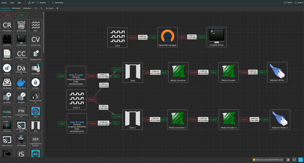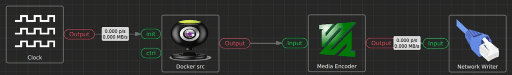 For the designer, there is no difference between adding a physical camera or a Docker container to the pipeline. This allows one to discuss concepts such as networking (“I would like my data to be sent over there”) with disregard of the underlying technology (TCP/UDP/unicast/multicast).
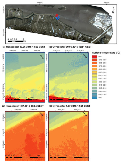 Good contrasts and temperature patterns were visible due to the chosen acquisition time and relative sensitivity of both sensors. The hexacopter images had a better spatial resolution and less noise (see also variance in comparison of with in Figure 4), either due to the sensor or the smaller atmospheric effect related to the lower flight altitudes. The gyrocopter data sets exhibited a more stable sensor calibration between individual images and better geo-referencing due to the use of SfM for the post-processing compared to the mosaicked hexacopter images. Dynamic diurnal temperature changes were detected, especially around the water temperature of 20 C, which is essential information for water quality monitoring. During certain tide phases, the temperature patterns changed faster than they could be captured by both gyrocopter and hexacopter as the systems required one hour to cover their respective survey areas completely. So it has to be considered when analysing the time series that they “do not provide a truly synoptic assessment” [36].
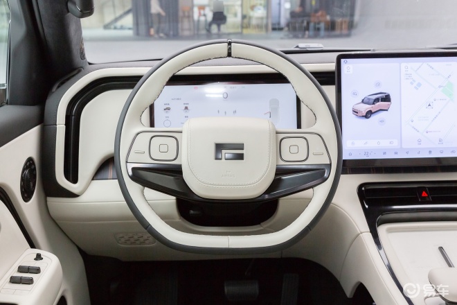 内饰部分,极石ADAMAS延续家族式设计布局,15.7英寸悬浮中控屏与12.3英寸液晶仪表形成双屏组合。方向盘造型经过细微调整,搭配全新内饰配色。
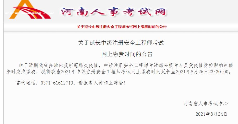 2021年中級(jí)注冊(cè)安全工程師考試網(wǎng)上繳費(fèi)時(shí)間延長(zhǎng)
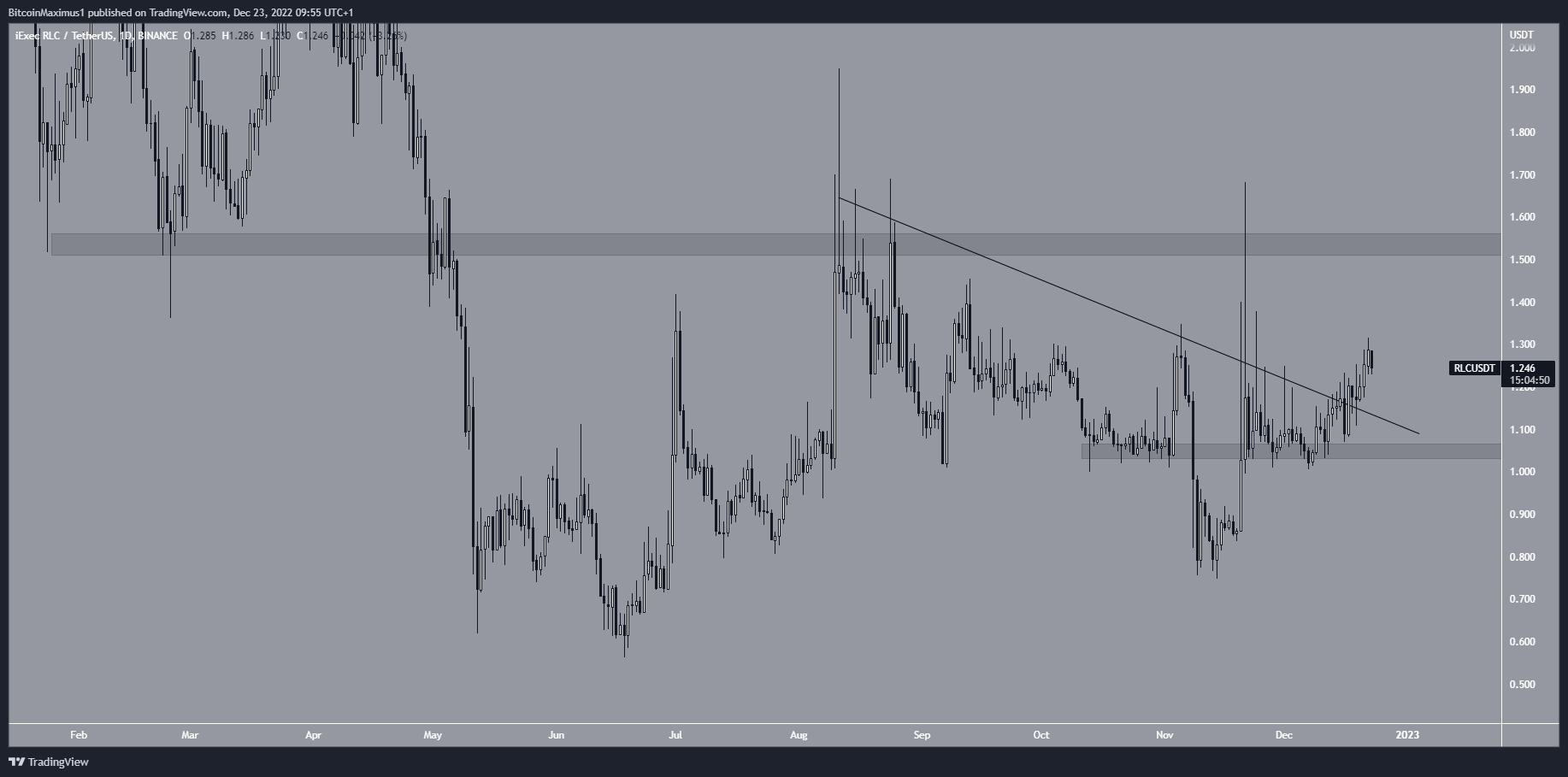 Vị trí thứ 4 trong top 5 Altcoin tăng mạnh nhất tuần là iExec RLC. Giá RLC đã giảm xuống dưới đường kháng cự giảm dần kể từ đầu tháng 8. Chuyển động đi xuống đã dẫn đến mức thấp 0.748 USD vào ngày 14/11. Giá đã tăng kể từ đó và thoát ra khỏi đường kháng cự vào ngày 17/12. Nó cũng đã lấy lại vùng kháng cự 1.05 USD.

---

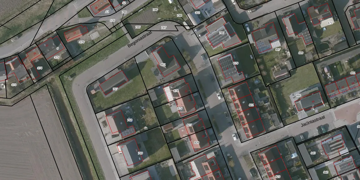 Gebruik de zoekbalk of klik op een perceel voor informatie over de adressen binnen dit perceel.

TASK → Using the records above, repeat exactly the run of lines that starts with the line with "Good contrasts and" and goes on through the line with "2021年中級(jí)注冊(cè)安全工"; omit each picture.

SOLUTION BELOW →
 Good contrasts and temperature patterns were visible due to the chosen acquisition time and relative sensitivity of both sensors. The hexacopter images had a better spatial resolution and less noise (see also variance in comparison of with in Figure 4), either due to the sensor or the smaller atmospheric effect related to the lower flight altitudes. The gyrocopter data sets exhibited a more stable sensor calibration between individual images and better geo-referencing due to the use of SfM for the post-processing compared to the mosaicked hexacopter images. Dynamic diurnal temperature changes were detected, especially around the water temperature of 20 C, which is essential information for water quality monitoring. During certain tide phases, the temperature patterns changed faster than they could be captured by both gyrocopter and hexacopter as the systems required one hour to cover their respective survey areas completely. So it has to be considered when analysing the time series that they “do not provide a truly synoptic assessment” [36].
 内饰部分,极石ADAMAS延续家族式设计布局,15.7英寸悬浮中控屏与12.3英寸液晶仪表形成双屏组合。方向盘造型经过细微调整,搭配全新内饰配色。
 2021年中級(jí)注冊(cè)安全工程師考試網(wǎng)上繳費(fèi)時(shí)間延長(zhǎng)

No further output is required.